### DATA EXTRACT
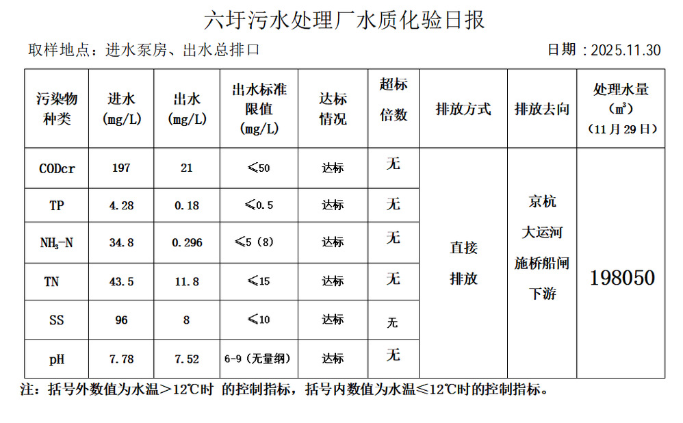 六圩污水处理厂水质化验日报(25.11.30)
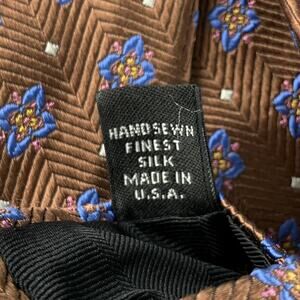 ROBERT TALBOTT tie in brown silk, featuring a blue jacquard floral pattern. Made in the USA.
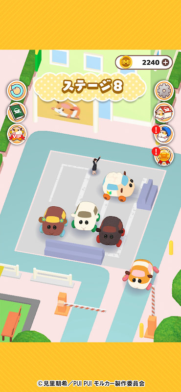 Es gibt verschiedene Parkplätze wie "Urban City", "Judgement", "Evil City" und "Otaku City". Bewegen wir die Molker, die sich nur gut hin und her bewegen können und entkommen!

### EXERCISE
Once the pictures are set aside, give the rest of the material again unchanged.

### EXPECTED ANSWER
 六圩污水处理厂水质化验日报(25.11.30)
 ROBERT TALBOTT tie in brown silk, featuring a blue jacquard floral pattern. Made in the USA.
 Es gibt verschiedene Parkplätze wie "Urban City", "Judgement", "Evil City" und "Otaku City". Bewegen wir die Molker, die sich nur gut hin und her bewegen können und entkommen!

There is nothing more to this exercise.